From the comments, where a question is asked – and promptly answered:
Nope. https://t.co/FVOon2TJ4A
— The Critical Drinker (@TheCriticalDri2) July 20, 2023
Regarding which, John D replies,
Ah, but then those of a progressive inclination couldn’t piggy-back their Current Year politics onto someone else’s work, established over many decades. Plus, there’s lots of self-congratulatory subverting to be done. All that signalling about how antiquated and tiresome it is to have a white, male hero being daring and heroic. Because hey, nobody wants that.
The Screen Rant article, by Shaurya Thapa, is, it has to be said, not entirely persuasive. There’s some obligatory wittering about things from the past being “problematic” – among which, the fact that a film series about an iconic male character has always featured said male character:
Which does seem a bit like complaining that every season of the detective series Bosch features, among other things, a white, male detective named Harry Bosch.

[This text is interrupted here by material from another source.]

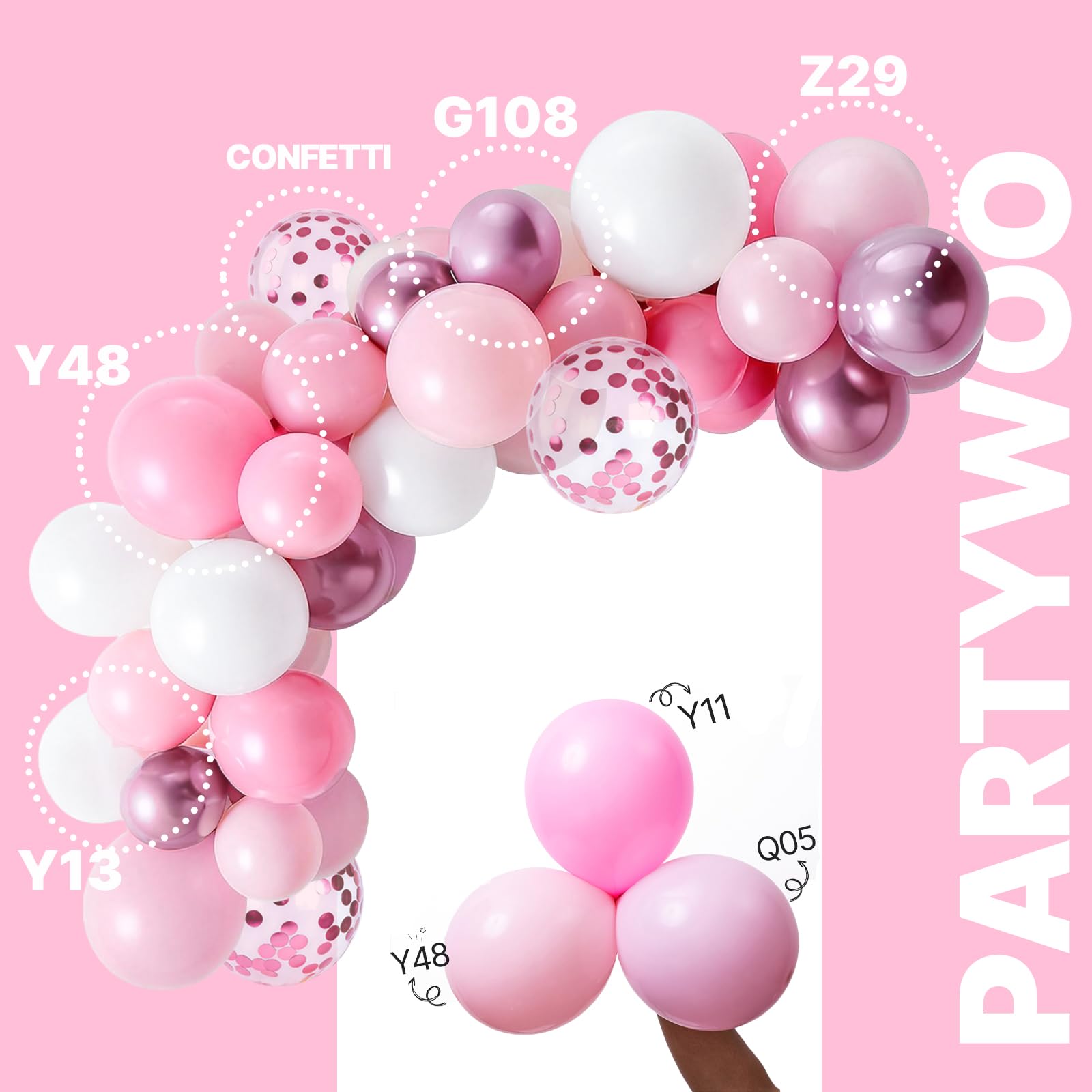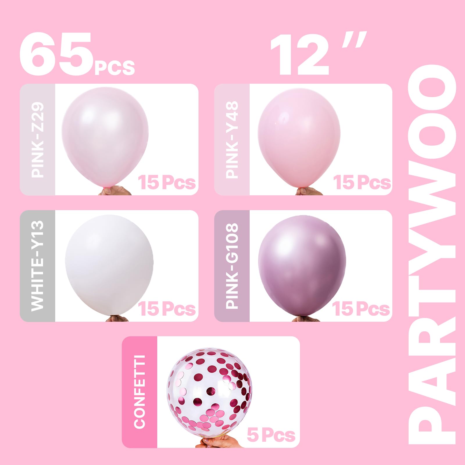 - Package includes: 12 inch white balloons (15 pcs), pearl pink balloons (15 pcs), metallic pink balloons (15 pcs) light pink balloons (15pcs) pink confetti balloons (5 pcs). These pink and white balloons can widely used in graduation, baby shower.

But this is, we’re told, “the perfect time for a female Bond.”
A woman named James.
We’re also told, “A gendered spin on the character can open up more potential for exploring Bond’s individuality.” And this exploration of the character’s individuality will apparently be achieved by erasing a rather fundamental aspect of the character – his maleness – and replacing him with an entirely different person of a different sex.
Readers are invited to ponder whether similar transitions might enrich the character of, say, Miss Marple, who, via similar logic, could be depicted as male, and as always having been male. Thereby exploring her individuality. Answers on a postcard, please.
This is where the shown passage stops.